We recently developed a Cas9 nickase-based method for tandem gene array expansion termed break-induced replication-mediated tandem repeat expansion (BITREx) (Takesue et al., 2025). We successfully applied BITREx to expand the CUP1 array in a standard laboratory strain from 14 to over 500 copies in situ without detectable chromosomal abnormalities; notably, this massive expansion was achieved in the absence of any copper-related selection pressure. We also showed that nicotinamide can contract the CUP1 array, particularly when bound by catalytically inactive Cas9 (Doi et al., 2021; Takesue et al., 2025). Using these approaches, we prepared a set of eight isogenic strains with CUP1 copy numbers ranging from 1 to ~380, including those harboring extremely long arrays artificially expanded beyond natural ranges (Figures 1A and 1B). This study exploits these strains to examine the effect of CUP1 copy number on copper resistance.

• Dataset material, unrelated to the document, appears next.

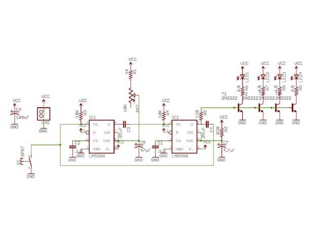 En este caso, he conectado la salida de cada temporizador a la entrada del otro, para que cuando se apaga el temporizador 1, temporizador 2 se convierte, que enciende los LEDs. Temporizador 2 tiene una resistencia relativamente pequeña (820 ohmios) y el condensador pequeño (4.7uF), así que la cuenta regresiva solo dura unos 5ms. Entonces apaga el LED, que causa el timer 1 comenzar su cuenta regresiva, que es el tiempo entre cada destello. Temporizador 1 tiene un condensador que es diez veces más grande (47uF) además de una resistencia fija de 1000 ohmios y una resistencia variable (potenciómetro) que oscila entre 0 y 10.000 ohmios, por lo tanto la resistencia total es entre 1-11K. Esto hace la cuenta regresiva del temporizador 1 duran entre unos 50ms y 550ms, o desde 20Hz hasta 2 Hz. (el resistor de 1 K está ahí para asegurarse de que incluso si la perilla se gira completamente hacia abajo, todavía hay suficiente resistencia para proteger el pin de descarga del 555).

We first measured CUP1 mRNA levels in the eight strains by RT-qPCR under both basal and copper-induced conditions (Figure 1C). Basal CUP1 mRNA levels generally correlated with copy number in both yeast extract–peptone–dextrose (YPD) and synthetic complete (SC) media. However, induced CUP1 mRNA levels increased with copy number but reached a plateau in high-copy strains. Accordingly, the fold-induction of CUP1 mRNA by copper declined as the copy number increased.
We next assessed the copper resistance of these strains by monitoring their growth as optical density at 620 nm (OD620) in media containing increasing concentrations of CuSO4 (Figure 1D). Growth after 24 h at each copper concentration was normalized to that in the medium without copper supplementation. Copper resistance increased with CUP1 copy number but reached a plateau; the half-maximal inhibitory concentration (IC50) values—derived from dose–response curves—plateaued in the 26× and 80× strains in YPD and SC media, respectively (Figure 1E).
To examine the relationship between copper resistance and CUP1 expression, we plotted the IC50 values against the induced CUP1 mRNA levels (Figure 1E). Although the range of IC50 values was wider and higher in YPD medium than in SC medium, a strong positive correlation was observed between CUP1 mRNA levels and copper resistance in both media.
The plateau in induced CUP1 mRNA levels suggested that the transcriptional activator Cup2, which mediates copper-induced activation, may become limiting. This would leave a significant fraction of CUP1 promoters unoccupied in high-copy-number strains. Given the relationship between CUP1 mRNA levels and copper resistance, we hypothesized that supplementing Cup2 could overcome the plateau effect in resistance. To test this, we examined the impact of increased CUP2 dosage by introducing a centromeric plasmid carrying the CUP2 gene (Figure 1F). The results showed that the increased CUP2 dosage improved resistance, particularly in strains with intermediate copy numbers, but had limited or even adverse effects in strains with extremely high copy numbers. Consequently, the difference of IC50 values with and without the CUP2 plasmid (ΔIC50) followed a convex relationship relative to CUP1 copy number, with the maximal increase in resistance observed in the 80× strain in YPD medium and the 26× strain in SC medium (Figure 1G).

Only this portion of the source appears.